Había júbilo y canto;
ella lavaba y barría,
y el arcángel saludando
repetía noche y día:
"Casa del Ave María."

Familia pobre y divina,
pobre mesa, pobre casa,
mucha unión, ninguna espina
y el ejemplo que culmina
en un amor que no pasa.

Concede, Padre, Señor,
una mesa y hogar,
amor para trabajar,
padres a quienes querer
y una sonrisa que dar. Amén.
  

                        

Pautas de la Homilía.

INICIO.  

1.-Este domingo posterior a la Navidad, y dentro de la octava navideña, lo dedicamos a la Sagrada Familia.

2.-Se nos invita a contemplar a la Sagrada Familia para contemplar la humanidad de Cristo y contemplar el alcance de la Encarnación del Hijo de Dios, en todo semejante a nosotros menos en el pecado.

 

DESARROLLO:   

1.-La primera lectura del libro del Eclesiástico es siempre la misma en este domingo:

*Hacia el siglo II antes de Cristo, Ben Sirac, un sabio judío, nos habla de la armonía familiar.

*está marcado por la cultura ambiental y tiene una imagen de la familia tradicional: el padre es un absoluto y los hijos son su prolongación.

*La conducta de un hijo se mide, ante todo, por el respeto que profesa a sus padre ancianos.

Esta conducta será garantía de una vida feliz.

2.-La segunda lectura es un fragmento de la Carta de San Pablo a los Colosenses:

*La visión que Pablo tiene de la familia está influenciada por la enseñanza de Jesús sobre la “nueva familia”, es decir, sobre los que comparten la misma fe.

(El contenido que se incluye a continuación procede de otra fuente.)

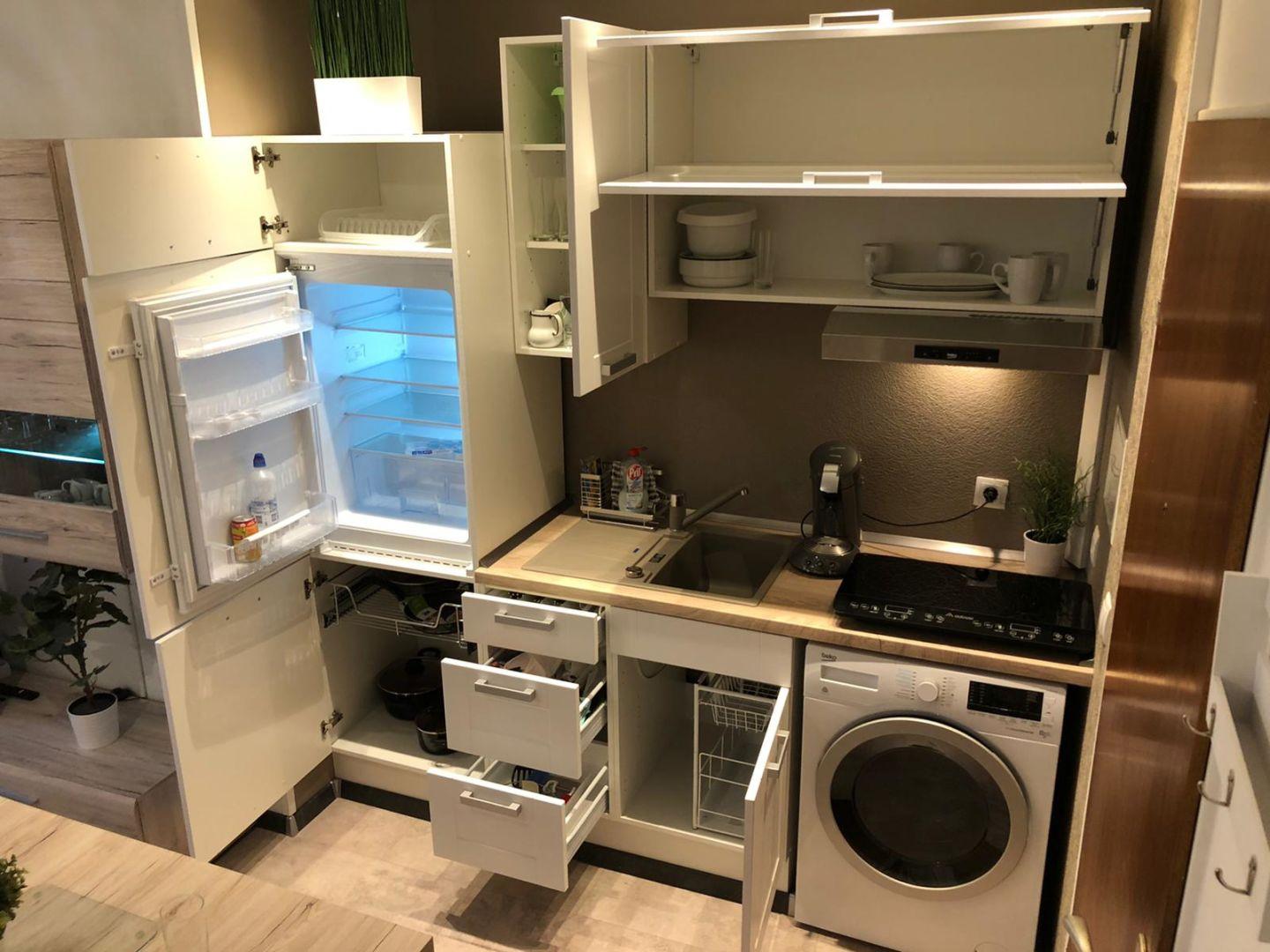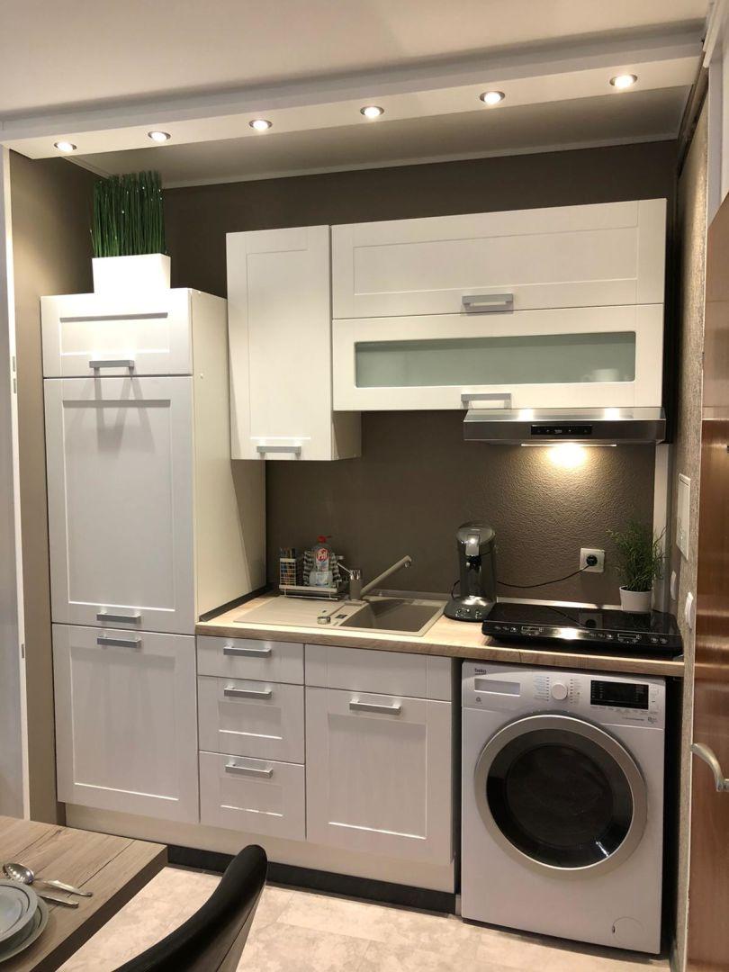 Comprenant : hall d’entrée ouvert donnant accès à la pièce principale avec cuisine entièrement équipée, salle de douche avec W.C. et machine à laver séchante, cave.
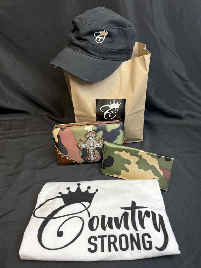 Camo snap closure clutch Wallet with matching checkbook sleeve, Camo Queen Logo Hat and Camo Queen Country Strong T-Shirt (S)

*A partir del lazo del amor que une entre sí a los creyentes, Pablo describe lo que debe ser la familia cristiana.

*La autoridad de los padres es una autoridad de servicio.

*Jóvenes y adultos, todos están inmersos en la misma corriente de gracia misericordiosa que renueva todas las relaciones humanas.

3.-El evangelio de San Lucas nos describe la peregrinación del niño Jesús, al cumplir doce años, con sus padres a Jerusalén con motivo de la Pascua.

*Los padres de Jesús le ayudan a participar en la Tradición religiosa de su pueblo.

*José y María no renuncian a su tarea de educadores.

*Jesús manifiesta a sus padres el verdadero sentido de la familia: la familia no es un absoluto.

*Jesús no se debe a José y María, sino a Dios: “¿No sabíais que yo debía estar en la casa de mi Padre?”

   

 FINAL:  

1.-Pidamos a Dios por todas las familias, especialmente las más necesitadas.

2.-Miremos a la Sagrada Familia y crezcamos como miembros de nuestras familias en claves de amor y de respeto.

3.-Supliquemos a los padres una autoridad de servicio.

4.-Que esta Eucaristía nos haga crecer como la familia de Jesús, aumentando nuestras relaciones fraternas de unos y otros.